He stayed down, coughing hard. “Please. My dad will kill me if this gets out.”

Liam stepped in and kicked him in the ribs. Marcus let out a sharp gasp like air escaping. “Your dad should’ve taught you not to rape girls then.”

I crouched next to him. Close enough to smell the fear and sour breath. His eyes were wet and desperate. For a second something twisted in my gut. But then I remembered the girl crying in the common room last week. How she wouldn’t say his name at first. How everyone knew anyway. Marcus. Always smiling at the younger ones.

“You picked the wrong girl,” I said. “Wrong school too.”

I punched him in the face. His nose cracked loud. Blood poured out fast, mixing with the rainwater. He tried to curl up but Liam stamped on his thigh. Callum muttered from the entrance, “Keep it quiet. Someone’s gonna hear.”

“Fuck them,” I said. “Let them.”

Marcus started crying. Quiet sobs that made him sound like a little kid. “I swear. It wasn’t like that. She kissed me first.”

I grabbed his hair and yanked his head back. “You think that matters? She’s fourteen. You didn’t stop when she said no. That’s what she told everyone.”

He didn’t answer. Just bled and breathed in short, wet hitches.

We kept at it for a while. Not forever. We weren’t monsters. But long enough that his face swelled up proper and one eye closed completely. My hands got slick with his blood. My chest heaved. Every hit landed heavier. Liam took turns. Callum watched but didn’t join in much.

At some point Marcus stopped trying to fight. He just lay there and took it. That was when it started feeling worse. Not enough to stop me. But enough that I knew we’d gone too far.

“Enough,” I said. My voice sounded raw.

Liam gave him one last kick in the side. “Stay away from the younger girls. Next time we won’t be this nice.”

Marcus didn’t move. He just lay in the puddle, breathing through his mouth. Blood bubbled at his lips.

We walked out the alley without looking back. The rain washed some blood off my hands but left it under my nails. Callum lit a cigarette and passed it round. None of us talked much. The streets were dead this late. Just us and the water running into the drains.

“You think he’ll grass?” Callum asked after a bit.

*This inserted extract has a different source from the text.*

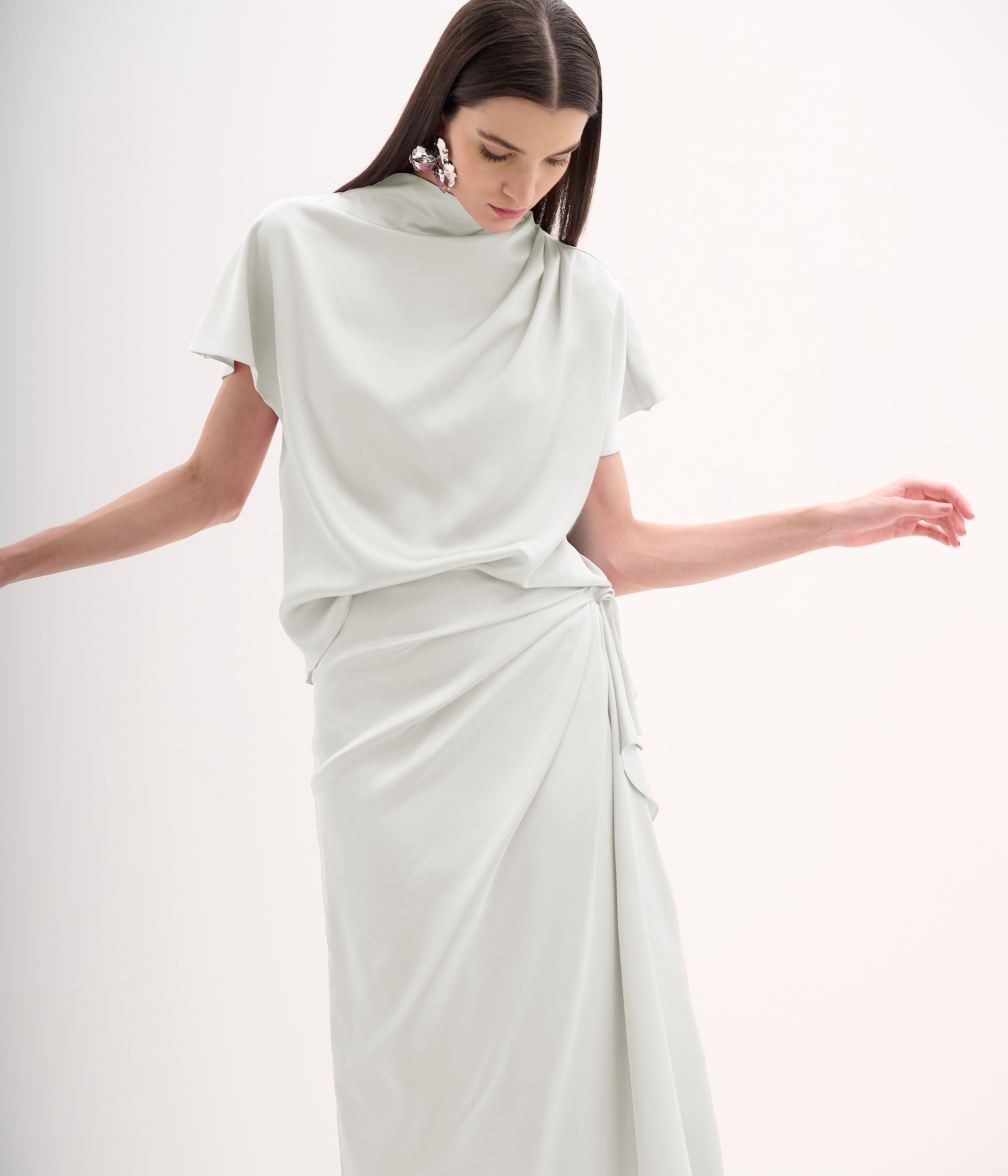 Confeccionada em cetim, um tecido nobre e atemporal, conhecido por sua superfície lisa, brilho intenso e caimento fluido. Sua textura luxuosa e a capacidade de refletir a luz de forma elegante o tornam ideal para peças que exigem sofisticação e um toque agradável à pele.
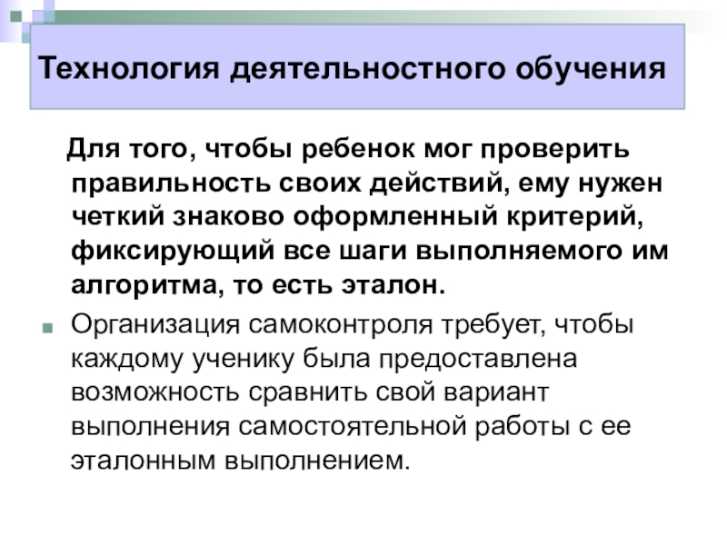 своих действий, ему нужен четкий знаково оформленный критерий, фиксирующий все шаги выполняемого им алгоритма, то есть эталон.

“He better not,” Liam said. “Or we do it again. Proper next time.”

I didn’t say anything. My right hand throbbed bad. Probably sprained. But my head felt clearer than it had in weeks. Like I’d done something that needed doing. The girl wouldn’t have to see his face in the halls for a while at least.

We split up a few streets from my house. I walked the rest alone. The front door was unlocked. I stepped in and the hallway light flicked on.

Dad stood there in his dressing gown. His face tightened when he saw the blood on my clothes.

“Jesus Christ, James.”

I tried to push past but he grabbed my arm hard.

“What the hell did you do this time?”

“Nothing that wasn’t deserved.”

He slapped me. Not full strength but enough. My split lip opened again. I tasted fresh blood.

“Two weeks,” he said, flat and cold. “That’s all you’ve got left here. Then it’s St. Edmund’s. They will sort you out. God knows I can’t.”

I went upstairs without answering. Lay on my bed in the wet bloody clothes. The ceiling had a crack that looked like a river. I stared at it a long time.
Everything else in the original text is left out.